2022 Latest Caselaw 6506 Tel

Citation : 2022 Latest Caselaw 6506 Tel
Judgement Date : 6 December, 2022

Telangana High Court
M Machagiri, Nalgonda District vs M.Karunakar Reddy, Nalgonda ... on 6 December, 2022
Bench: M.G.Priyadarsini
     HONOURABLE SMT. JUSTICE M.G. PRIYADARSINI

         M.A.C.M.A.Nos.2309 of 2015 and 2152 of 2016

COMMON JUDGMENT:


        Since both the appeals are arising out of the same

judgment, they are heard together and being disposed of by this

common judgment.


2.      Dissatisfied with the quantum of compensation awarded

by the Motor Accident Claims Tribunal-cum-II Additional Chief

Judge, City Civil Court, Hyderabad, made in O.P.No.1061 of

2010,    dated 24.05.2014, the      claimant preferred MACMA

No.2309 of 2015.        Whereas, MACMA No.2152 of 2016 is

preferred by the Reliance General Insurance Company Limited,

respondent No.2 before the Tribunal, challenging the very same

order and decree of the Tribunal on the ground that the

compensation awarded is excessive and exorbitant.

3. For the sake convenience, the parties, hereinafter, will be

referred to as per their array before the Tribunal.
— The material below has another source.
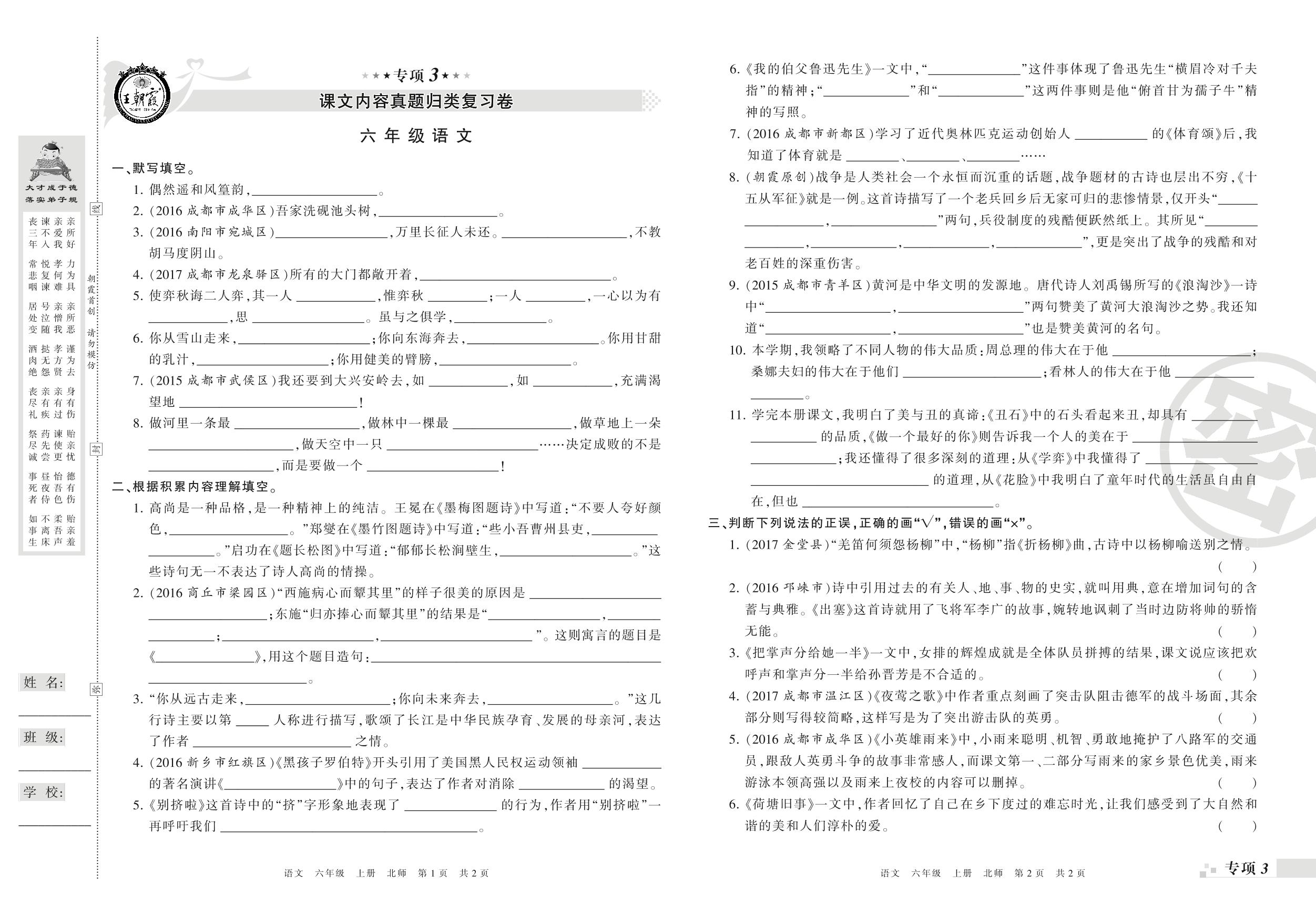 王朝霞期末专项卷——课文内容、积累运用真题归类复习卷六年级上册语文(北师版)_R210802115203【0】
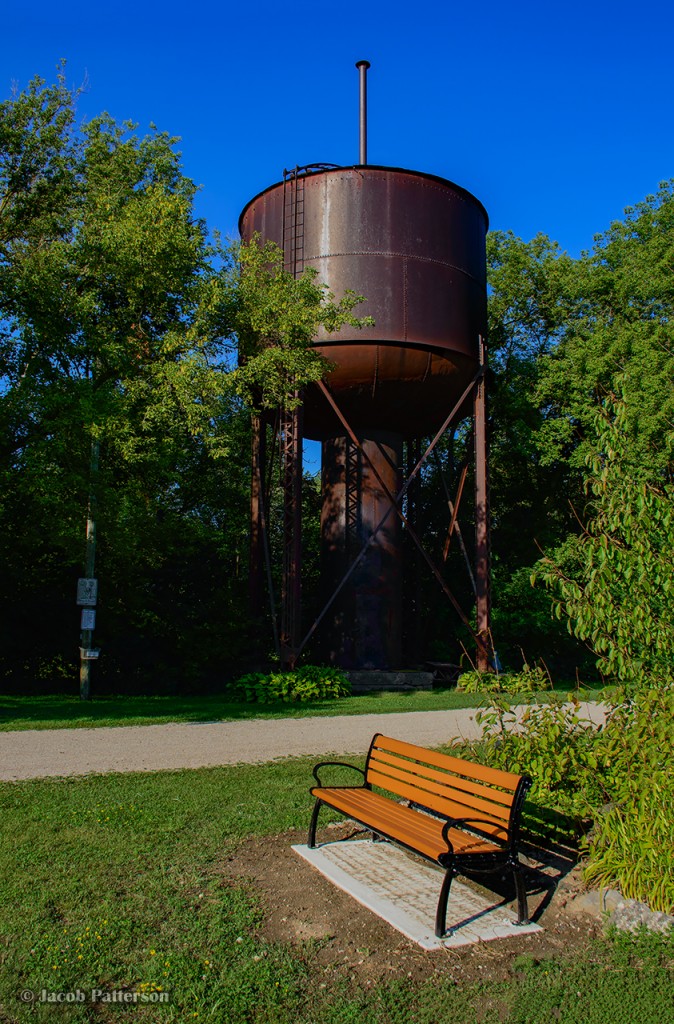 Caption: The old steel Canadian Pacific Railway steel water tower at Blyth, ON, located along the Goderich Subdivision, has been demolished. Towering over the Guelph to Goderich Rail Trail, work to remove the privately owned structure began on May 21, finishing up the following week. Across town from the former CPR yard, both the CNR and CPR (relocated) station remain in town.

4. According to the pleadings in the O.P. filed by the

claimant, on 08.04.2009, at about 20.00 hours, while the

claimant was proceeding on his motorcycle and when he

reached near Anajipuram Village, Mothkur Mandal of Nalgonda

District, the offending vehicle i.e., tractor and trailor bearing

NO. AP 24F 1851 & 1852, owned by respondent No. 1, insured

with respondent No. 2, being driven by its driver in a rash and

negligent manner, dashed the motorcycle, as a result of which,

the claimant fell down and sustained grievous injuries. He had

taken treatment at various hospitals, underwent operation for

fracture injuries and sustained disability. Therefore, he laid a

claim for Rs.6,50,000/- against the respondents towards

compensation under various heads.

5. Before the tribunal, while the respondent No. 1 stood ex

parte, the respondent No. 2 filed its counter denying the manner

of accident as projected by the claimant, income, avocation of

the claimant. The learned tribunal, having considered the claim

petition, counter, oral and documentary evidence brought on

record, allowed the O.P. awarding compensation of Rs.6.50

lakhs.

6. Heard both sides and perused the material available on

record.

7. The learned Counsel for the claimant-appellant in

MACMA No.2309 of 2015 contends that the learned Tribunal

having held that the accident had occurred due to the rash and

negligent driving of the driver of the offending vehicle and

having arrived at the total compensation of Rs.11,26,000/-,

erred in restricting the compensation to the amount claimed by

the claimant. It is contended that on account of fracture

injuries, the claimant sustained 90% permanent disability as

his right hand was not working. P.W.2, the Orthopedic Surgeon

at Sai Vani Hospital, Hyderabad, where the claimant took

treatment, deposed that ORIF was done for fracture humerus K-

Wire fixation for right clavicle and coracoil process by him and

in spite of proper treatment, the claimant is suffering with

permanent disability at 90%. Even P.W.5, the Civil Surgeon,

R.M.O., at Kamala Nehru Area Hospital, Nagarjuna Sagar,

deposed that the claimant is suffering with 90% disability. The

said evidence is further supported by Ex.A.5, disability

certificate, issued by the Medical Board. Therefore, taking into

consideration of 90% disability and considering Ex.A.13, salary

certificate, which is supported by P.W.4, the tribunal ought to

have awarded the just and reasonable compensation

irrespective of the claim made in the O.P.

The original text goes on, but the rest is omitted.